Genomic sequencing of species isolated from the bone marrow and the skin of our patient showed 2 different species, L. tropica and L. major, and the patient probably had Leishmania infection before becoming infected with HIV. Although an infection with both these Leishmania species normally results in cutaneous Leishmaniasis, in severely immunocompromised patients, both Leishmania species can disseminate, which we believe happened in this patient. Dissemination of “cutaneous Leishmania species” has been previously described in immune-compromised patients, but to the best of our knowledge, this is the first case in which 2 cutaneous Leishmania species could be detected in bone marrow [3, 4].
Oman is a nonendemic area for Leishmaniasis with only sporadically reported cases in mainly the 1980s and 1990s. The main species involved were L. tropica and L. infantum [6].
L. tropica and L. major are reported to cause CL in Yemen, Pakistan, Egypt, and Morocco. In the 1990s, France, Italy, Portugal, and Spain reported the most cases of Leishmania–HIV coinfection in the Mediterranean region, predominantly L. infantum, but with introduction of ART in 1997, these reported cases decreased drastically [7].
Leishmaniasis reactivation can occur many years after initial infection in immune-compromised patients, which was seen in our patient, who was probably infected 22 years before developing clinical Leishmaniasis [5, 7].
In severely immunocompromised HIV-infected individuals with CD4 T-cell counts <200 cells/uL, atypical presentations of cutaneous Leishmaniasis and visceralization are common [5, 7, 8]. Our patient had lymphadenopathy, hepatosplenomegaly, and gut and bone marrow involvement.
Serological tests for Leishmaniasis have low sensitivity in HIV patients and are therefore less reliable [5, 7, 8]. Finding amastigotes in bone marrow or spleen tissue is considered a highly sensitive method for the diagnosis of VL [8], and we did not perform serology.
Management of VL-HIV coinfection is challenging. In HIV patients, higher relapse rates and treatment failure occur more frequently, especially in severely immunocompromised individuals with CD4 T-cell counts <200 cells/uL [5, 7, 8].

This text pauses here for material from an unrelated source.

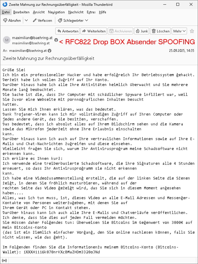 29.09.2025 11:05 -------- Nachricht -------- Betreff: Issue ***: False positive report: 193.109.132.11 Datum: Mon, 29 Sep 2025 09:05:32 +0000 Von: Netcraft Takedown Service <takedown-response+***@netcraft.com> An: maximilian.baehring@googlemail.com Dear Sir or Madam, We recently sent you an email informing you of an attack at: *** This email was sent in error, please ignore the request to take down the mail server. Regards, Netcraft Phone: +44(0)1225 447500 Fax: +44(0)1225 448600 Netcraft Issue Number: *** To contact us about updates regarding this attack, please respond to this email. Please note: replies to this address will be logged, but aren't always read. If you believe you have received this email in error, or you require further support, please contact: support@netcraft.com. -------- Nachricht -------- Betreff: Issue ***: Server involved in fraud at *** Datum: Mon, 29 Sep 2025 07:55:06 +0000 Von: Netcraft Takedown Service <takedown-response+***@netcraft.com> An: maximilian.baehring@googlemail.com Sehr geehrte Damen und Herren! Wir haben einen E-Mail-Server in Ihrem Netzwerk entdeckt, der E-Mail-Nachrichten sendet, die versuchen, Benutzer zu erpressen. Der Server hat die IP-Adresse ***. Als Beweis dafür, dass das E-Mail-Server involviert ist, haben wir eine betrügerische E-Mail angehängt. Bitte stoppen Sie diesen Angriff so bald wie möglich. Weitere Informationen zum erkannten Problem finden Sie unter https://incident.netcraft.com/reports/*** Weitere Details, einschließlich API-Unterstützung, finden Sie unter https://incident.netcraft.com/about . Mit besten Grüßen, Netcraft Telefon: +44(0)1225 447500 Fax: +44(0)1225 448600 Netcraft-Ausgabenummer: *** Um Aktualisierungen über diesen Angriff zu erhalten, antworten Sie bitte auf diese E-Mail. Bitte beachten Sie: Antworten auf diese Adresse werden zwar protokolliert, aber nicht immer gelesen. Wenn Sie mehr Unterstützung benötigen, oder glauben, Sie haben diese E-Mail irrtümlich erhalten, kontaktieren Sie bitte: support@netcraft.com. Diese E-Mail kann mit X-ARF-Tools geparsed werden. Weitere Informationen über X-ARF-Tools finden Sie unter http://www.xarf.org/ ------------------- Dear Sir or Madam, We have discovered an email server on your network that is sending e-mail messages that are attempting to extort users. The server has the IP address ***. We have attached an example fraudulent e-mail demonstrating the e-mail server's involvement. Please close down this attack as soon as possible. More information about the detected issue is provided at https://incident.netcraft.com/reports/*** See https://incident.netcraft.com/about for more details including API support. Regards, Netcraft Phone: +44(0)1225 447500 Fax: +44(0)1225 448600 Netcraft Issue Number: *** To contact us about updates regarding this attack, please respond to this email. Please note: replies to this address will be logged, but aren't always read. If you believe you have received this email in error, or you require further support, please contact: support@netcraft.com. This mail can be parsed with x-arf tools. Visit http://www.xarf.org/ for more information about x-arf. [0] "202509291105-0-1.jpg" [1] "202509291105-0-2.jpg" |

The World Health Organization (WHO) has recommended liposomal amphotericin B with a total cumulative dose of 20–40 mg/kg (equal to 2 g in our patient) as the preferred agent to treat VL in HIV-coinfected patients [7–9]. Despite having good cure rates ranging from 42% to 85%, frequent relapses are seen in HIV-infected patients [9]. This patient responded to high-dose liposomal amphotericin B 5–7.5 mg/kg but needed frequent, repeated administration daily for 5 days every 3 weeks to maintain the status quo.
The patient received far more amphotericin B than recommended in the WHO guideline [9], with an estimated 15–20 g per year, and altogether he has received close to 65 g over the past 6 years. The latest Infectious Diseases Society of America (IDSA) guidelines recommend follow-up treatment in immunocompromised patients with relapse but do not state for how long or with which doses [10].
Combination therapies with pentamidine, paromomycin, fluconazole, or allopurinol are recommended in cases with multiple relapses. This approach can lead to better response and reduced relapse rates [7–9] but has higher toxicity profiles [9]; our patient tolerated amphotericin B well.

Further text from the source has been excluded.